At a webinar for Phillip Securities’ clients on Dec 3, SPH group CEO Ng Yat Chung said: “the date for the Keppel scheme has not been fixed, It's possible that the Keppel scheme rather than taking place now in early December may take place … now in early January.”
On Nov 9, Keppel had indicated that its scheme could have been put to SPH’s shareholders on Dec 8. In answers to questions from SIAS, Keppel said, “SPH’s shareholders will be able to participate in the potential growth of both Keppel REIT and SPH REIT as well as receive distributions from Keppel REIT and SPH REIT following the completion of the transaction, in addition to being able to receive Keppel REIT units at a 10% discount to its NAV as of September 30, 2021.

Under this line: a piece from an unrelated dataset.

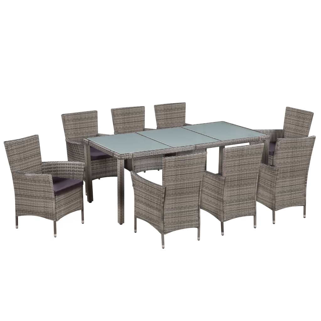Set mobilier de exterior cu perne, 9 piese, gri, poliratan GartenMobel Dekor
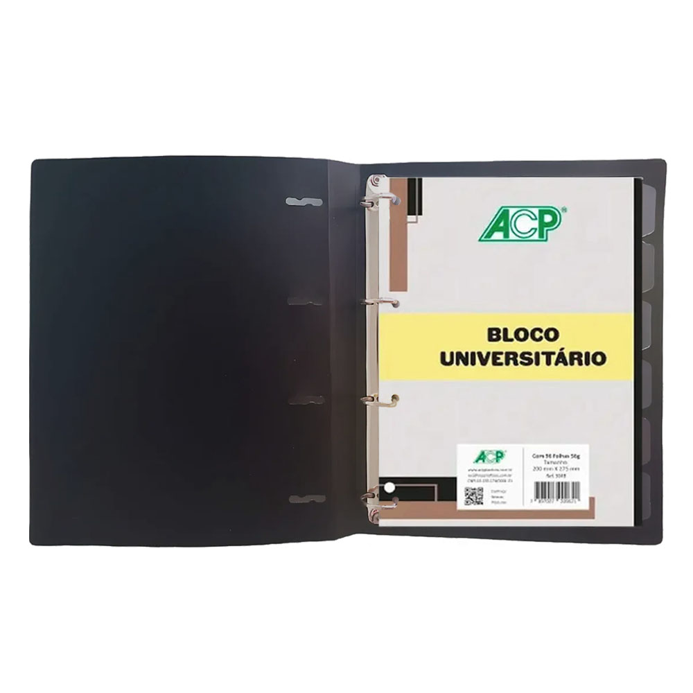 Fichário Universitário Sweet com Capa de PP, com 4 argolas, bloco de 96 folhas e 6 divisórias coloridas.

“To give an illustration of the accrued distributions, assuming the transaction had been completed on Jan 15, 2021, the combined accrued distributions from Keppel REIT (for the period from July 1, 2020 to December 31, 2020) and SPH REIT (for the period from September 1, 2020 to November 30, 2020) would have been approximately $0.03 per SPH share. This is calculated using the distribution of $0.0293 per Keppel REIT unit which was declared on January 25, 2021 and had its books enclosure date on February 2, 2021, and the distribution of S0.0120 per SPH REIT unit which was declared on January 13, 2021 and had its books enclosure date on January 21, 2021.”
When REITs pay out their distributions, their NAV per unit are adjusted downwards by the amount of distributions per unit. Sometimes, REITs’ units decline by their DPU post payouts.
If as CEO Ng has indicated, SPH’s shareholders get to vote on Keppel’s scheme in January, then they are unlikely to be entitled to the REITs’ distributions. Now with transaction certainty for both the Cuscaden scheme, and a high probability of certainty for the Keppel scheme post-Dec 9, the schemes should be put to SPH’s shareholders so they can vote for cash or REITs.